▸ **WORK TO COMPLETE**: Exact copies of the lines below, from the one with "a belsejében sárga." up to and including the one with "第56分钟,奇尔韦尔前场左路", are what this calls for; leave out pictures.

▸ **SUPPLIED ENTRIES**:
= Beginning of Section =
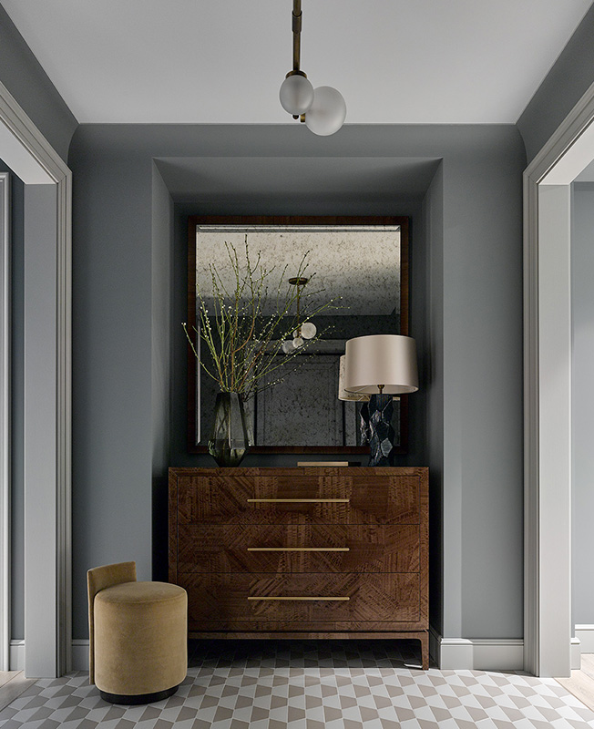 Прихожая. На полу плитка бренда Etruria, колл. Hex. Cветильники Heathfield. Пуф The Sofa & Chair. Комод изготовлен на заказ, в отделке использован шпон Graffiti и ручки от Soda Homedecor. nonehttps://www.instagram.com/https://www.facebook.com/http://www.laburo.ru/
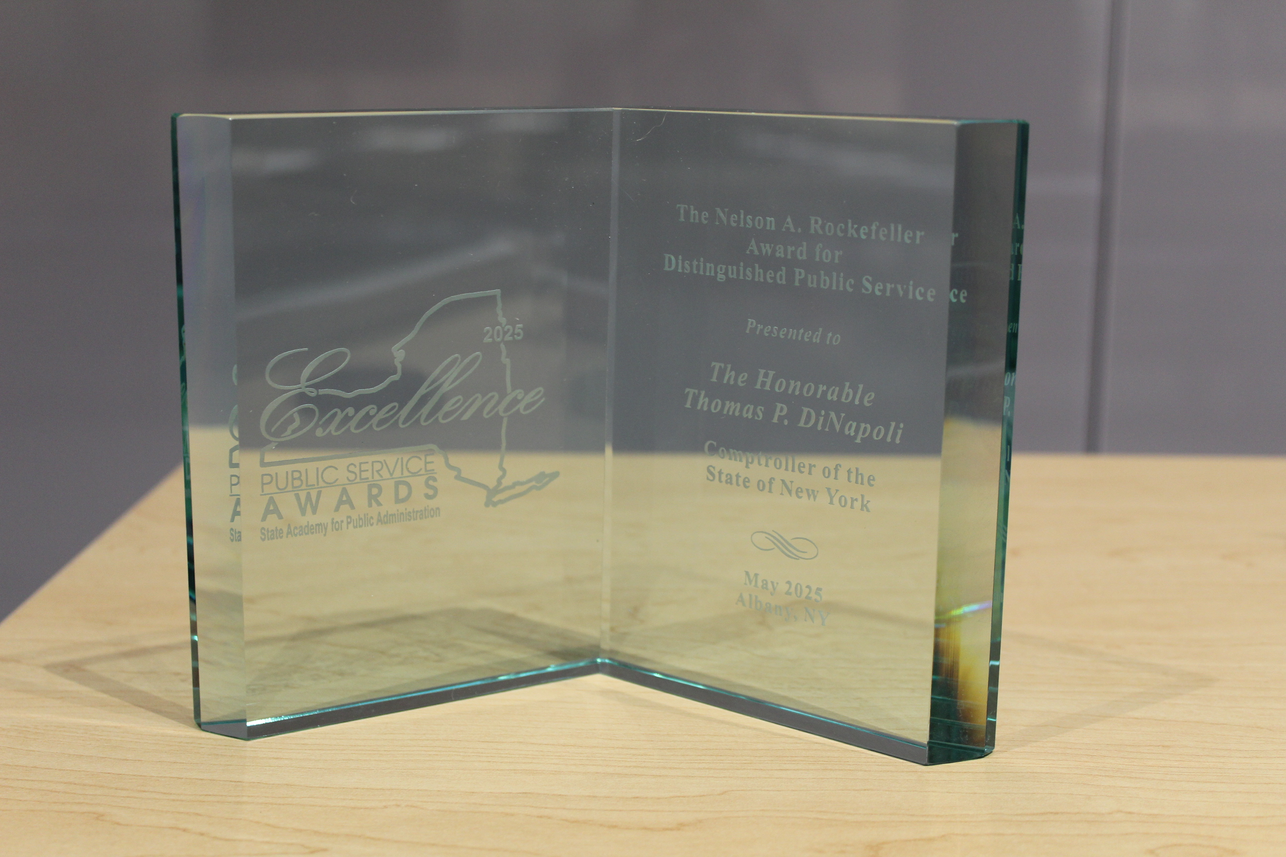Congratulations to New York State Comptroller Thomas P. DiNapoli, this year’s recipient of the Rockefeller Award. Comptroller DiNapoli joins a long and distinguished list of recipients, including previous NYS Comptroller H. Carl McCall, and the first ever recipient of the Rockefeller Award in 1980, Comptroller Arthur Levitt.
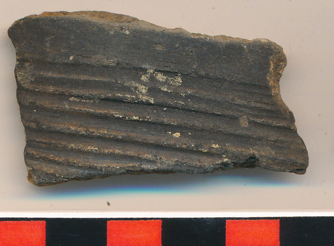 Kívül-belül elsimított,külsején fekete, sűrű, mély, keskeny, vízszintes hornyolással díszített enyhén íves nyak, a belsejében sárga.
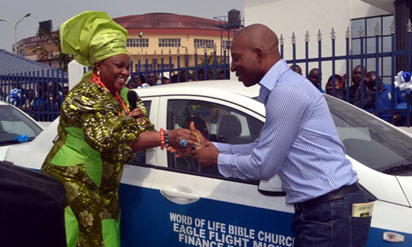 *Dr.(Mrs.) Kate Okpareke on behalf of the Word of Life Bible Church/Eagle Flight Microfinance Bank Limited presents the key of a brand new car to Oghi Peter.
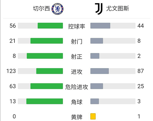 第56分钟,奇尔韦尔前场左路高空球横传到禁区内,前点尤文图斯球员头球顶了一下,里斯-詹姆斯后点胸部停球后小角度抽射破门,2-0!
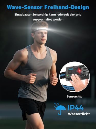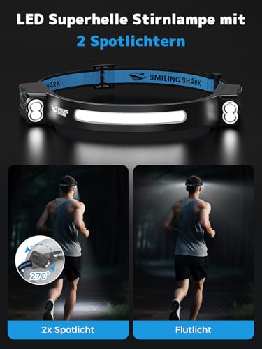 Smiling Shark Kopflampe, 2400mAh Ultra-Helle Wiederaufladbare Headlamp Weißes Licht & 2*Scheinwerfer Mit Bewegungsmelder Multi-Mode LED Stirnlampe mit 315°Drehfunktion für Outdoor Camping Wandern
= End of Section =
= Beginning of Section =
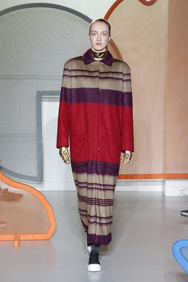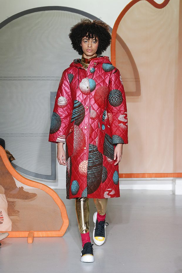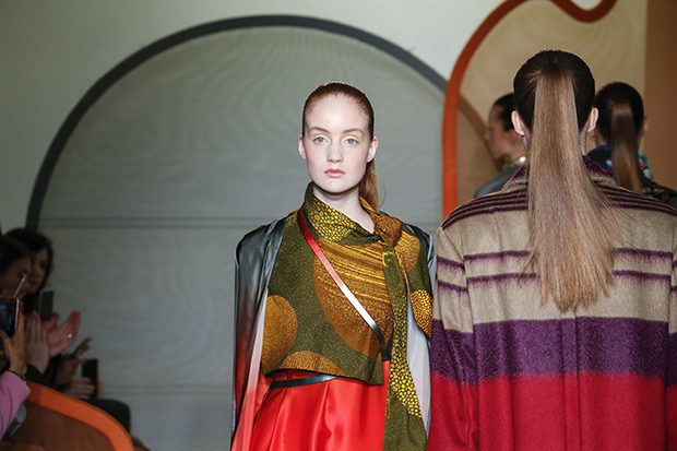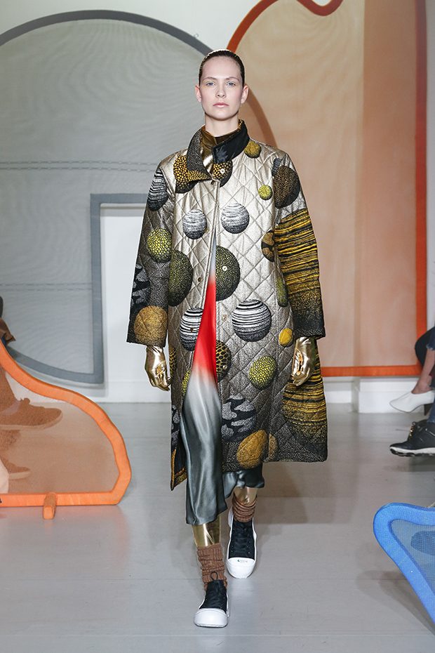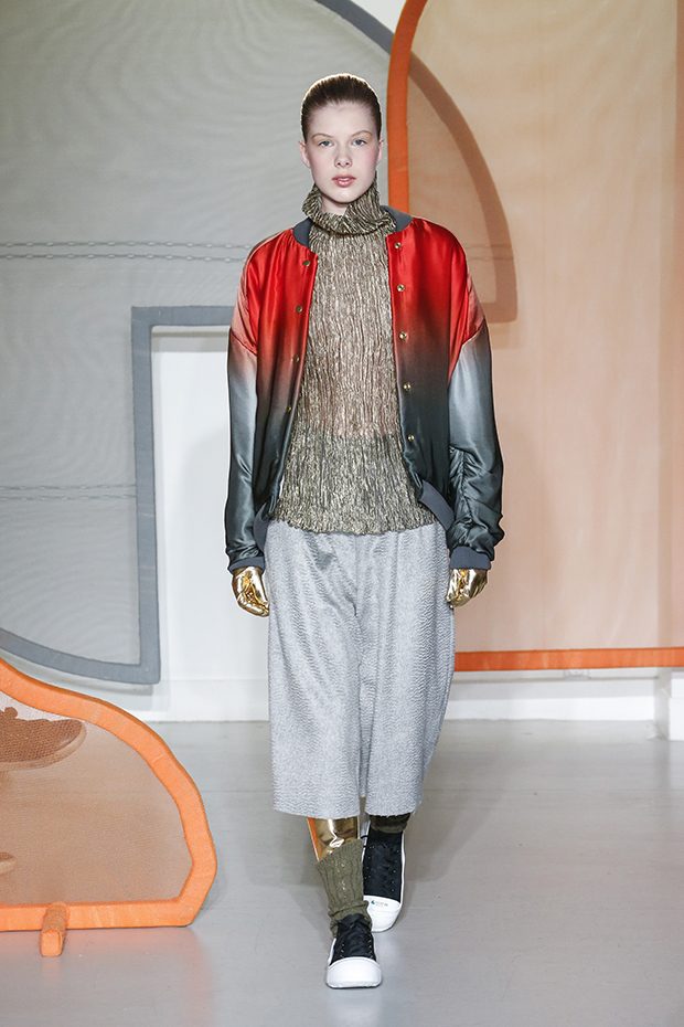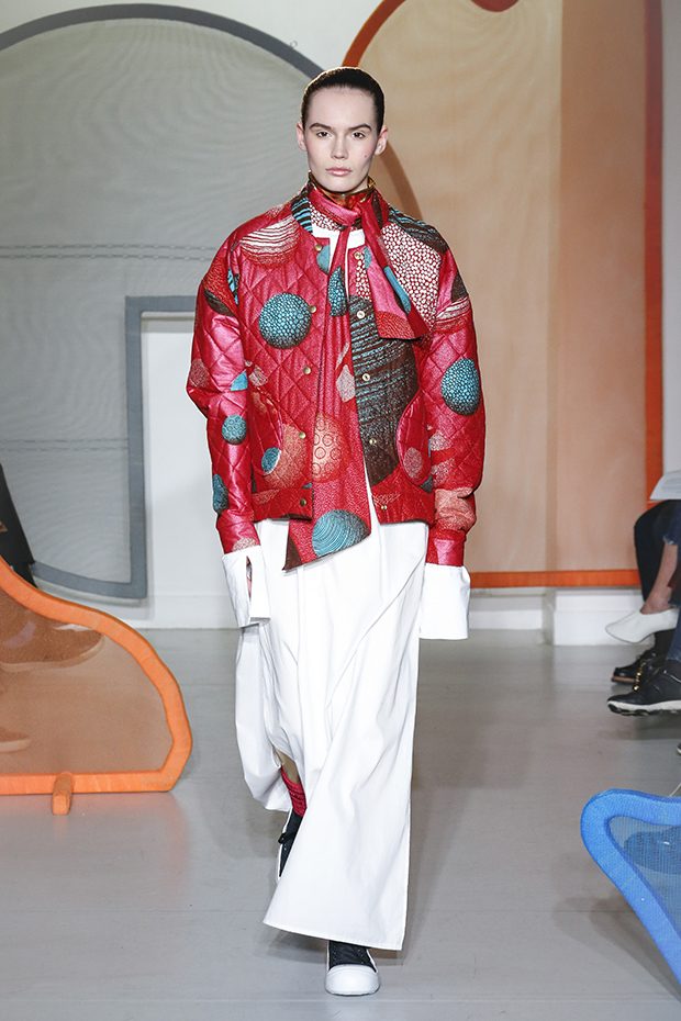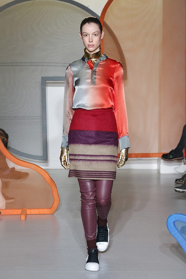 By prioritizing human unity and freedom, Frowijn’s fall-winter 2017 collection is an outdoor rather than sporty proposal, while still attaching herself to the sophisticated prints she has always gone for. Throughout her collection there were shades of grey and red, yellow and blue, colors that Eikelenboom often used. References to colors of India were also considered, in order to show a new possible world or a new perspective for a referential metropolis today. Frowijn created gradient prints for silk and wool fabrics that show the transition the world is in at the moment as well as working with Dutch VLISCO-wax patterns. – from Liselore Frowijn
= End of Section =
▸ **ANSWER FOR THE TASK**:
 Kívül-belül elsimított,külsején fekete, sűrű, mély, keskeny, vízszintes hornyolással díszített enyhén íves nyak, a belsejében sárga.
 *Dr.(Mrs.) Kate Okpareke on behalf of the Word of Life Bible Church/Eagle Flight Microfinance Bank Limited presents the key of a brand new car to Oghi Peter.
 第56分钟,奇尔韦尔前场左路高空球横传到禁区内,前点尤文图斯球员头球顶了一下,里斯-詹姆斯后点胸部停球后小角度抽射破门,2-0!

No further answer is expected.